M FOUR: ARCHITECTS REVISITED

M FOUR: ARCHITECTS REVISITED

The second module will revisit different theory of topoi architectural theory. The students will work out conceptual schemas, which will allow them to compare different positions of architectural theory. They will proceed by case studies for example on Palladio’s approaches to spatial grammar and syntax, on the cosmic scope of French Revolutionary Architecture, on Durant’s rationalization as well as on more contemporary approaches like the machine habiter (le Corbusier), The Architecture of Well-Tempered Environment (Reyner Banham), Mechanization Takes Command (Sigfried Giedion) or more recent approaches like parametricism (studio Zaha Hadid), Junkspace (Rem Koolhaas), or The Function of Form (Farshid Moussavi) a.o.

The students approaches in analytically formalizing these case studies will be prepared for synthesis and modalization. They will learn how to make these topoi more readily accessible and reconstructible by a sort of “conceptual cross-breeding” of these approaches. In a final exercise, each student will take one approach and reformulate it according to his or her own attitude, or to a fictitious attitude especially conceived and characterized for this occasion. Like this, the students are asked to produce and represent their own written manifestos.

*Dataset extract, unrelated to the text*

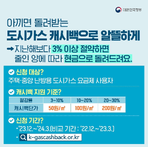 도시가스 절약 캐시백 제도란, 주택난방용 도시가스 요금제를 사용하는 분들을 대상으로 운영하는 제도입니다. 12월부터 3월 동안 전년도보다 3% 이상 도시가스 사용량을 줄였다면, 줄인 양에 따라 가스 요금의 30% 한도 내에서 현금으로 다시 되돌려줍니다.

The module will start with recapitulating the achievements of the first theory module: what is at stake in the concepts of an architectonics of growth and a general theory of stratification? What is the relevancy of concepts such as the plane of consistency, the abstract machine, or double articulation regarding the power of contemporary information technology and the design space that goes along with this kind of technology and infrastructure?

Keeping these aspects in mind, the students will be introduced to a comparatistic way of engaging with architectural history and theory. They will analyze what kind of values certain theories have regarded as elementary, what emphasis have been put where in different theoretic edifices, and what kind of schemes and concepts they have proposed as mediating between these dimensions. Furthermore they will look at how the technological conditions predominant for different times reveal their impact in particular architectural manifestos and theoretical models. Especially, we will be concerned with how the different numerical spaces incorporated in the respective technological paradigms allow for different kinds of conception and construction principles, and also different paradigms of theoretical reflection.

The students will be trained in developing a sense of distinction and comparison between the spaces of potentials and constraints that different “renderings” of such construction principles allow as a design space for architecture. A great emphasis of the course will lie on analyzing the role of technology for architectural theories, as well as the different attitudes taken towards technology therein.